Trwa ładowanie wpisu: twitter
- Rządzący politycy powinni być szczegółowo rozliczani przez media z tragicznego bilansu epidemii. Na tle innych europejskich krajów jesteśmy jednym z liderów. Możliwe, że wyprzedzają nas tylko Bułgaria i Węgry - mówi dalej Pietrzak.
To aluzja do wypowiedzi ministra zdrowia Adama Niedzielskiego. Przed tygodniem w wywiadzie dla RMF FM szef resortu powiedział, iż nie ma potrzeby zaostrzania restrykcji. - Przypadek lubelskiego i Podlasia pokazuje, że postępowanie, które wdrażamy, jest racjonalne, pragmatyczne i póki co się sprawdza - dowodził.
500 ofiar dziennie.

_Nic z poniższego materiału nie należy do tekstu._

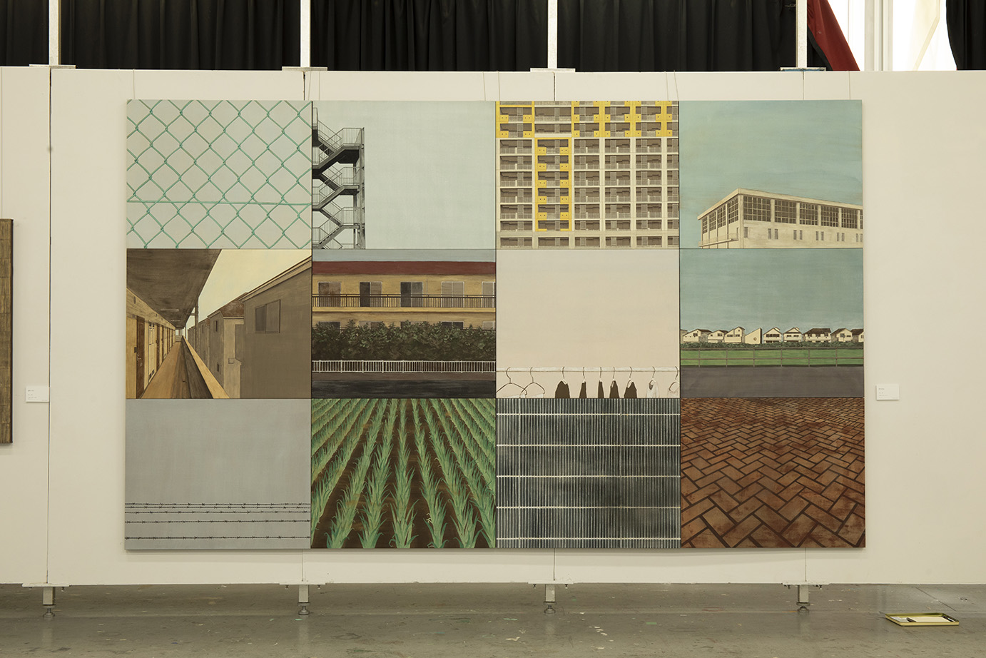 彫刻学科 石﨑朝子 (左より)《Layered city》 アルミ板、ウレタン塗料、モルタル、蝶番 H1040×W2100×D800mm 《City development map》 アルミ板、ウレタン塗料、蝶番 サイズ可変 《Following Sky》 映像/液晶ディスプレイ 20分26秒 《City Wall》 木材、モルタル、アクリル塗料 H1800×W3200×D1000mm

Ciężko zagląda się w szczegóły
- Obserwujemy, że epidemia przetacza się na zachód kraju, za falą zakażeń kroczy w odstępie dwóch tygodni fala zgonów i zmiata ludzi - mówi dalej Pietrzak.
- Kiedy Ministerstwo Zdrowia podaje informację o 500 zgonach dziennie, ta liczba niewiele mówi o samych ofiarach. Można jednak zajrzeć do bardziej szczegółowej ministerialnej bazy BASIW i tam są informacje o osobach z konkretnych miast i powiatów na Lubelszczyźnie. Są dzieci, 20- i 30-latkowie, bez chorób współistniejących. Jak się patrzy na ten gąszcz zapisów, aż trudno o tym myśleć. Stają przed oczami dramaty rodzin - zwierza się farmaceuta.
Tłumaczy, że wśród zgonów nadmiarowych są zarówno osoby ze zdiagnozowanym COVID-19, jak też i te, które postanowiły przechorować w domu, omijając testy i których zgony umknęły oficjalnym statystykom covidowym. Pozostałe ofiary to pacjenci z innymi problemami, którzy w momencie kryzysu służby zdrowia nie otrzymali na czas pomocy lekarskiej.
- Zgony nadmiarowe nasilają się wraz z falami zakażeń, ale na przykład latem nie było ich tak wiele. Dlatego właśnie te dane najlepiej dokumentują rzeczywistą liczbę ofiar epidemii. Nie da się im w żaden sposób zaprzeczyć, bo opierają się o raporty z urzędów stanu cywilnego - tłumaczy Pietrzak.
- Kiedy minie pandemia, jeszcze przez lata będziemy widzieli w statystykach ofiary aktualnego kryzysu w służbie zdrowia, czyli przypadki śmierci po niewykrytych nowotworach i nieleczonych chorobach przewlekłych - podsumowuje rozmówca.